Así nació, por 1962, una pareja que hizo historia en las ondas radiales, pero también en el teatro y la naciente televisión boliviana (1969): Alí y Babá.

De esos años data el personaje alter-ego de David Santalla: Toribio, el joven de la remera a rayas, muchas veces con orificios de tanto uso, pobretón, de lágrimas fáciles, que se esmera por superarse sin perder la honradez que le caracteriza. Puede ser víctima de los poderosos, pero él no ceja en su empeño de ser una persona que se supera por méritos propios.
 
Cuestión de acentos
“Toribio empezó hablando como alemán”, recuerda su creador. “Lo de llorón  ya lo tenía desde que era un dedo índice con cara; pero la forma de hablar me salía como la de un chileno. Y no por farsante, sino porque los años que viví en ese país me marcaron fuertemente”. No podía disimularlo sino cuando le ponía acento teutón. Pero buscando, probando, finalmente se dio cuenta de que acentuando el tono paceño, quejumbroso, Toribio se hacía creíble y se quedó con esa impronta.

Dos mentes creativas, dos talentos juntos no podían durar mucho más tiempo. “Alguien le dijo a Pol que él era el cerebro y yo el payaso y él se lo creyó. Me lo dijo y yo me di cuenta de que era hora de seguir mi camino solo. Así nació Santallazos”. Y Enredoncio —el hombre cascarrabias que contradice todo cuanto escucha. “Me inspiré en mi hermano Alfredo; él se ríe ahora. Enredoncio es como el paceño que se enreda solito y se desquita contigo. Te acercas a un librecambista y le dices ‘quiero cambiar dólares’ y él te contesta ‘a qué entonces ha venido, pues, ¿a mirarme?’”.

Fue creando más y más personajes por exigencias del argumento de las obras: surgieron así la viejita achacosa, doña Liboria —“otra viejita inspirada en mi abuela”—, el negro Dominguín y tantos otros. También, no pocas veces, para ahorrar dinero. Así nació la imilla Salustiana. Ella debía entrar en algún momento para darle un recado a la patrona y David se vestía de una cholita mezcla de timidez y de osadía que pronto conquistó al público. “Éste me pedía ver a la imilla siempre. Y fue ganando su lugar en la escena”.

El oficio de Santalla, conseguido en los tiempos libres que le dejaba la actuación, es el de constructor civil. “Pero las empresas que me contratan me ponen de inmediato a atender relaciones públicas”, se queja como Toribio.

Lo cierto es que “vivo cien por ciento  del teatro y para el teatro; me fascina”.

Y el público se dejó fascinar por este hombre que lució su talento también en el cine. En 1977, el espectador que fue a buscar al humorista del escenario se topó con un dramático personaje en Chuquiago, la película de Antonio Eguino. Aun hoy, ese burócrata gris al que insufla  vida es de las mejores criaturas que ha dado el cine boliviano.
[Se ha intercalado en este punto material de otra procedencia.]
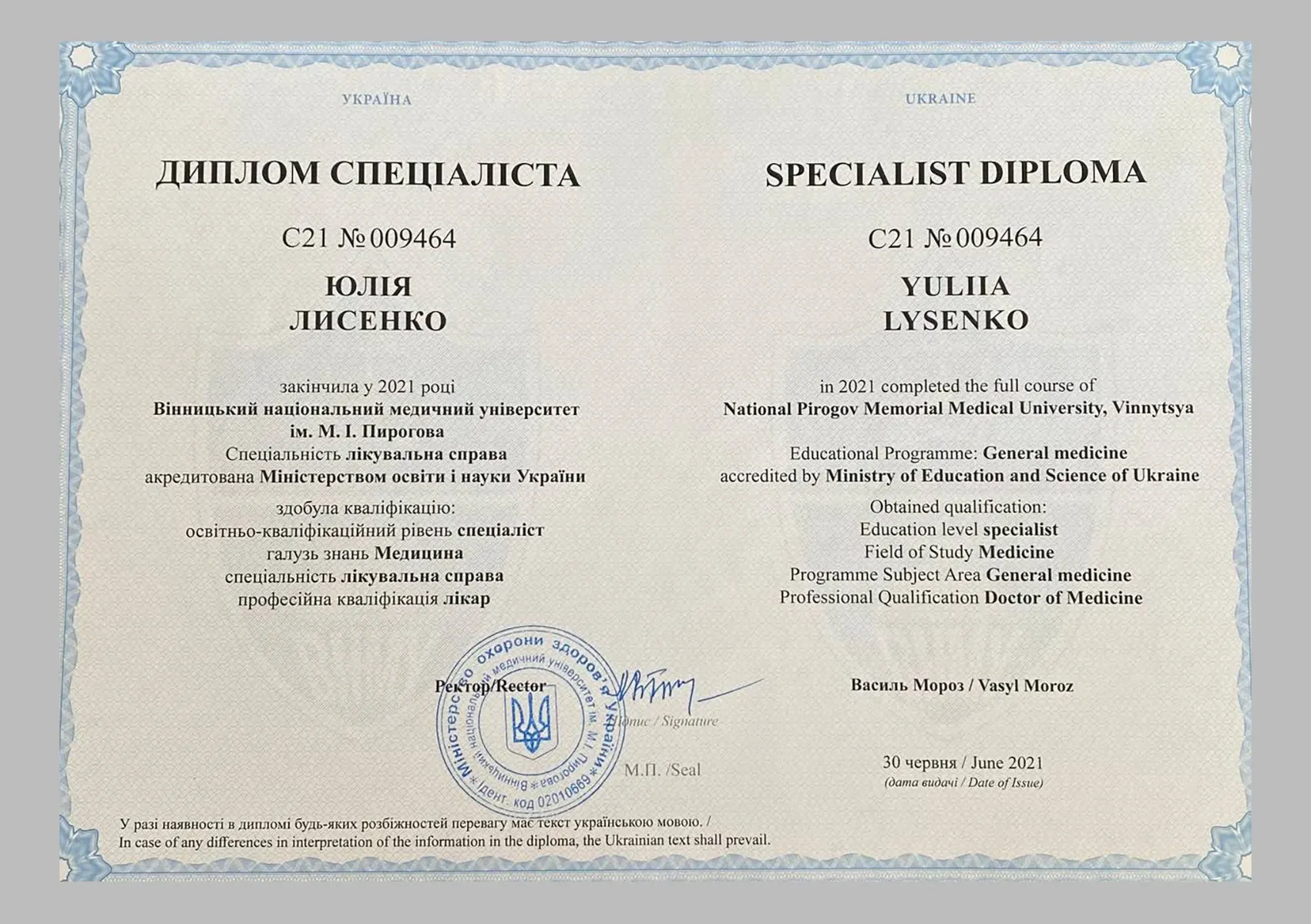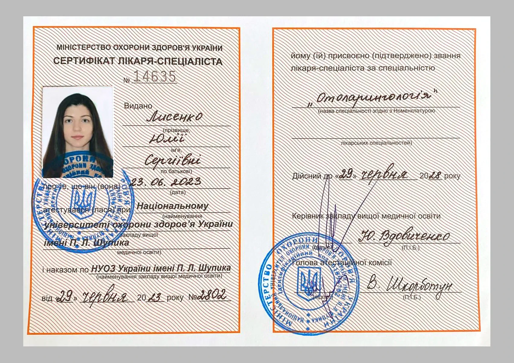 2023 р. – Університет охорони здоров’я України ім. П.Л. Шупика, спеціальність — дитяча отоларингологія.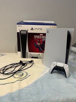 Console PlayStation con un anno e mezzo di utilizzo, senza rumori o difetti. Include console, controller DualSense e cablaggio. Edizione Comune con inserimento disco. Non include il gioco di Spider-man. Contiene scatola originale e plastici di imballaggio. Prezzo non negoziabile.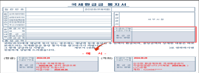 현금수령으로 신청한 경우 「국세환급금 통지서」가 등기우편으로 발송되며, 통지서를 받지 못한 경우 홈텍스 등에서 출력이 가능합니다.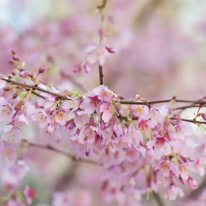 Charming cherry tree with masses of flowers. Position: full sun Soil: moist, well-drained fertile soil Rate of growth: vigorous Flowering period: March Hardiness: fully hardy A bushy tree or shrub with sharply toothed dark green leaves turning vibrant shades of orange and red in autumn. Fragrant carmine pink flowers are produced in profusion in early spring. A lovely early-flowering cherry which looks great, even in small gardens. Garden care: When planting incorporate lots of well-rotted garden compost in the planting hole and stake firmly. Prune in summer to reduce the risk of silver leaf and bacterial canker, cutting back any dead, diseased or crossing branches.

“El público es la vida en el teatro”, afirma quien acaba de darse un empacho en el Teatro Municipal con Cincuentallazos, actuación acompañada por comediantes como Hugo Pozo, Daniel Travesí, Cacho Mendieta y Ramiro Serrano. “Sin autor no hay argumento, sin actor no hay interpretación; pero sin público no hay teatro”, concluye este hombre al que le sobran ideas.

Una de ellas se relaciona con la televisión. “En la radio, allá por los 60, hice un programa periodístico con humor. Leía noticias y los personajes las comentaban. La empleada decía, por ejemplo, ‘no le hagas caso señora, no puede ser cierto eso’. Sería divertido hacer lo propio con las informaciones de hoy en la Tv”, se ríe David Santalla.